# The number 90^9 has 1900 different positive integral divisors. How many of these are squares of integers?

## The answer is 250 but I'm not sure how to get there. (Number theory isn't one of my strong suits).

Jul 21, 2016

Wow - I get to answer my own question.

#### Explanation:

It turns out that the approach is a combination of combinatorics and number theory. We begin by factoring ${90}^{9}$ into its prime factors:
${90}^{9} = {\left(5 \cdot 3 \cdot 3 \cdot 2\right)}^{9}$
$= {\left(5 \cdot {3}^{2} \cdot 2\right)}^{9}$
$= {5}^{9} \cdot {3}^{18} \cdot {2}^{9}$

The trick here is to figure out how to find squares of integers, which is relatively simple. Squares of integers can be generated in a variety of ways from this factorization:
${5}^{9} \cdot {3}^{18} \cdot {2}^{9}$

We can see that ${5}^{0}$, for example, is a square of an integer and a divisor of ${90}^{9}$; likewise, ${5}^{2}$, ${5}^{4}$,${5}^{6}$, and ${5}^{8}$ all meet these conditions as well.

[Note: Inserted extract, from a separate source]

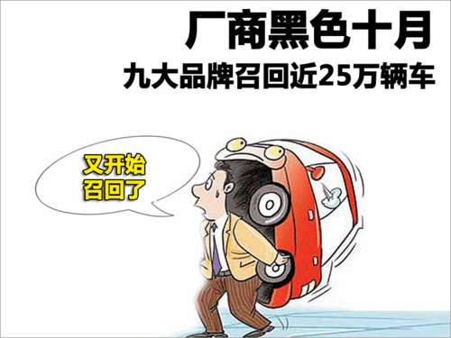 近日,汽車召回事件頻繁上演,已經(jīng)不是當(dāng)初廠商偷偷召回維修的做法,而是讓信息更加的透明。不過(guò)在進(jìn)入傳統(tǒng)的金九銀十時(shí)節(jié),汽車召回也是不甘落后,僅在10月份就有九大品牌近25萬(wàn)輛車實(shí)施召回,這其中還包括勞斯萊斯、賓利等頂級(jí)豪華品牌的車型。

Therefore, we have 5 possible ways to configure a divisor of ${90}^{9}$ that is a square of an integer, using 5s alone.

The same reasoning applies to ${3}^{18}$ and ${2}^{9}$. Every even power of these prime factors - 0, 2, 4, 6, 8, 10, 12, 14, 16, 18 (10 total) for 3 and 0, 2, 4, 6, 8 (5 total) for 2 - is a perfect square who is a divisor of ${90}^{9}$. Furthermore, any combination of these prime divisors who have even powers also satisfies the conditions. For instance, ${\left({2}^{2} \cdot {5}^{2}\right)}^{2}$ is a square of an integer, as is ${\left({3}^{8} \cdot {2}^{4}\right)}^{2}$; and both, being made up of divisors of ${90}^{9}$, are also divisors of ${90}^{9}$.

Thus the desired number of squares of integers that are divisors of ${90}^{9}$ is given by $5 \cdot 10 \cdot 5$, which is the multiplication of the possible choices for each prime factor (5 for 5, 10 for 3, and 5 for 2). This is equal to $250$, which is the correct answer.